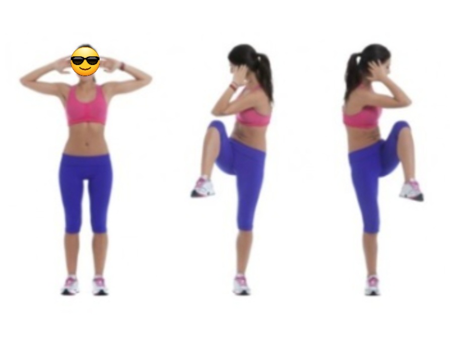-이때 손을 만세 자세로 시작하여 무릎을 올릴 때 양손을 가슴으로 당겨 주면
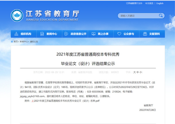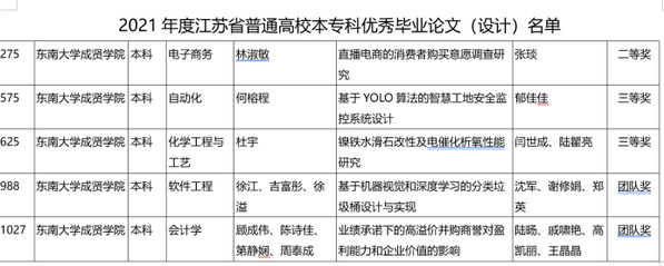 近日,江苏省教育厅发布《2021年江苏省普通高校本专科优秀毕业设计(论文)评选结果公示》,东南大学成贤海角社区共获优秀毕业设计个人二等奖1个、三等奖2个、优秀毕业设计团队奖2个。
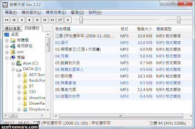 7) 播放清單管理:可隨時建立、刪除、命名、複製播放清單,算是一個比較陽春的清單管理功能。
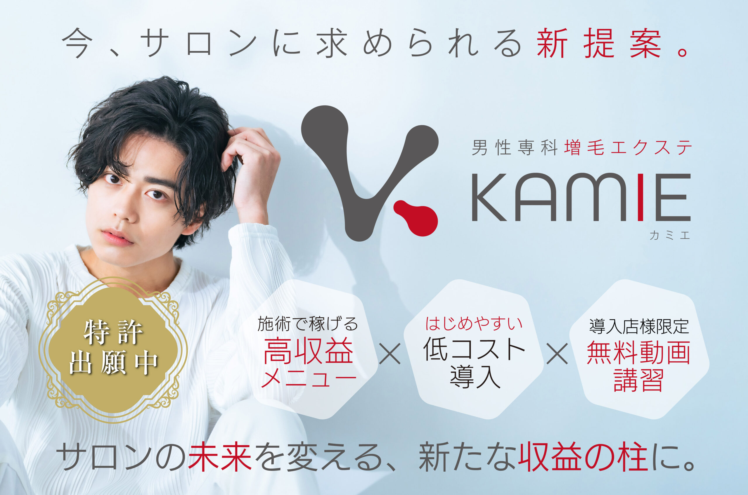 KAMIE(カミエ)は、男性専用に開発された日本製ニューファイバーを採用した、まったく新しいメンズ専科エクステブランド。自然で清潔感があり、若い男性のファッション層から薄毛に悩む層まで幅広く対応。まだ市場にほとんど出回っていないこの技術で、他店と差がつく“新メニュー”を今すぐ導入できます。
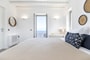 Master bedroom with queen-size bed (160x200), en-suite bathroom, and spacious balcony
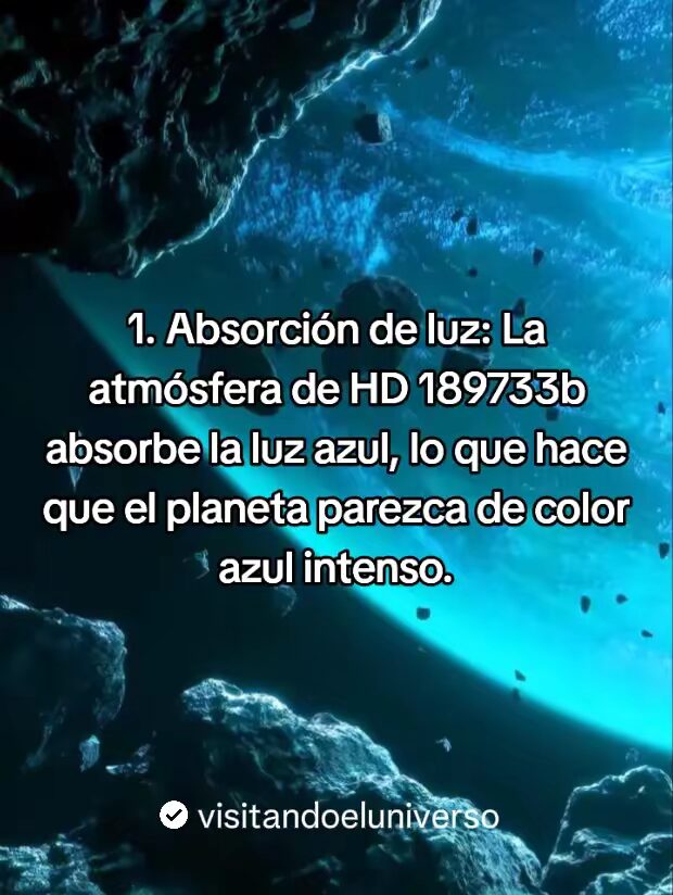 - La atmosfera de HD 18733b absorbe la luz azul, lo que hace que el planeta parezca de un color Azul intenso.
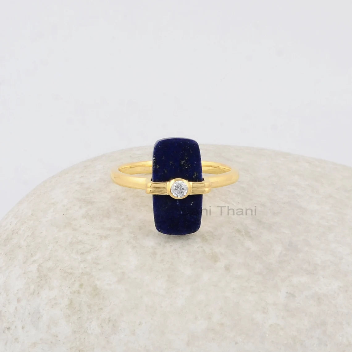 Lapis Lazuli 8x15mm Gemstone Ring - Solid Silver Handmade Ring - 18k Gold Plated Ring - Gift for Womens - Rings for Ladies - CZ Set Jewelry
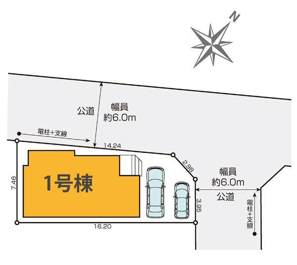 | 駐車場 | 2台 | 道路の幅員 | 1号棟:北西6m 北東6m |
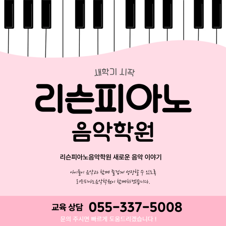 안녕하세요. 아이들의 음악적 성장을 함께하는 리슨피아노음악학원입니다. 새학기가 시작되면서 학원에도 새로운 변화가 생겼습니다. 새로운 학생들이 학원에 들어오고, 기존 학생들도 한 학년 올라가면서 조금 더 성장한 모습으로 수업 을 시작하게 되었어요. 처음 학원에 오는 신입 친구들은 조금 긴장된 표정으로 문을 열고 들어옵니다. 하지만 수업을 시작하고 나면 금방 분위기에 적응하며 피아노와 친해지는 모습을 보여줍니다. 처음 시작하는 피아노, 천천히 즐겁게 리슨피아노음악학원에서는 처음 피아노를 배우는 학생들도 부담 없이 시작할 수 있도록 기초부터 차근차근 수업을 진행합니다. 손 모양, 건반 익히기, 리듬 읽기 같은 기본....... <img src="https://blogthumb.pstatic.net/MjAyNjAzMTBfMTM0/MDAxNzczMTA1ODkyMzU2.aOLYSbEXrIAYPbWCF-UQdgabrODUQK4JpthnWn7ppfUg.JQufzu6vTVZVQ-gRZ3uzApO7uXAbp0Ya_tt0x2UIGCYg.PNG/%BC%D2%BF%B5_%C5%DB%C7%C3%B8%B4_2-055.png?type=s3" />
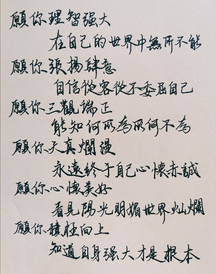 As in the title: May you be strong in reason and omnipotent in your own world. May you be assertive, confident and calm and never wrong yourself. May you have a correct outlook on life and be able to know for yourself what to do and what not to do. May you be innocent, always true to yourself and sincere in heart. May you have a beautiful heart and see a bright and sunny world. May you be positive and know that your own strength is the foundation. (I haven't written for a long time and my hand is a little shaky at the back. Please ignore the typos in the middle and the two words that are reversed. There are always typos and I don't want to rewrite them 1551
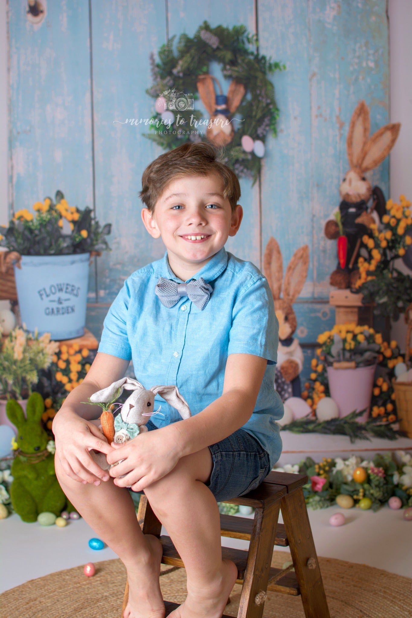 Avezano Easter Blue Wooden Door and Rabbit Photography Backdrop
------------------------
- [TASK OBJECTIVE]
All of the material shown above needs to be duplicated exactly. Omit every picture.

- [ANSWER BELOW]
-이때 손을 만세 자세로 시작하여 무릎을 올릴 때 양손을 가슴으로 당겨 주면
 近日,江苏省教育厅发布《2021年江苏省普通高校本专科优秀毕业设计(论文)评选结果公示》,东南大学成贤海角社区共获优秀毕业设计个人二等奖1个、三等奖2个、优秀毕业设计团队奖2个。
 7) 播放清單管理:可隨時建立、刪除、命名、複製播放清單,算是一個比較陽春的清單管理功能。
 KAMIE(カミエ)は、男性専用に開発された日本製ニューファイバーを採用した、まったく新しいメンズ専科エクステブランド。自然で清潔感があり、若い男性のファッション層から薄毛に悩む層まで幅広く対応。まだ市場にほとんど出回っていないこの技術で、他店と差がつく“新メニュー”を今すぐ導入できます。
 Master bedroom with queen-size bed (160x200), en-suite bathroom, and spacious balcony
 - La atmosfera de HD 18733b absorbe la luz azul, lo que hace que el planeta parezca de un color Azul intenso.
 Lapis Lazuli 8x15mm Gemstone Ring - Solid Silver Handmade Ring - 18k Gold Plated Ring - Gift for Womens - Rings for Ladies - CZ Set Jewelry
 | 駐車場 | 2台 | 道路の幅員 | 1号棟:北西6m 北東6m |
 안녕하세요. 아이들의 음악적 성장을 함께하는 리슨피아노음악학원입니다. 새학기가 시작되면서 학원에도 새로운 변화가 생겼습니다. 새로운 학생들이 학원에 들어오고, 기존 학생들도 한 학년 올라가면서 조금 더 성장한 모습으로 수업 을 시작하게 되었어요. 처음 학원에 오는 신입 친구들은 조금 긴장된 표정으로 문을 열고 들어옵니다. 하지만 수업을 시작하고 나면 금방 분위기에 적응하며 피아노와 친해지는 모습을 보여줍니다. 처음 시작하는 피아노, 천천히 즐겁게 리슨피아노음악학원에서는 처음 피아노를 배우는 학생들도 부담 없이 시작할 수 있도록 기초부터 차근차근 수업을 진행합니다. 손 모양, 건반 익히기, 리듬 읽기 같은 기본....... <img src="https://blogthumb.pstatic.net/MjAyNjAzMTBfMTM0/MDAxNzczMTA1ODkyMzU2.aOLYSbEXrIAYPbWCF-UQdgabrODUQK4JpthnWn7ppfUg.JQufzu6vTVZVQ-gRZ3uzApO7uXAbp0Ya_tt0x2UIGCYg.PNG/%BC%D2%BF%B5_%C5%DB%C7%C3%B8%B4_2-055.png?type=s3" />
 As in the title: May you be strong in reason and omnipotent in your own world. May you be assertive, confident and calm and never wrong yourself. May you have a correct outlook on life and be able to know for yourself what to do and what not to do. May you be innocent, always true to yourself and sincere in heart. May you have a beautiful heart and see a bright and sunny world. May you be positive and know that your own strength is the foundation. (I haven't written for a long time and my hand is a little shaky at the back. Please ignore the typos in the middle and the two words that are reversed. There are always typos and I don't want to rewrite them 1551
 Avezano Easter Blue Wooden Door and Rabbit Photography Backdrop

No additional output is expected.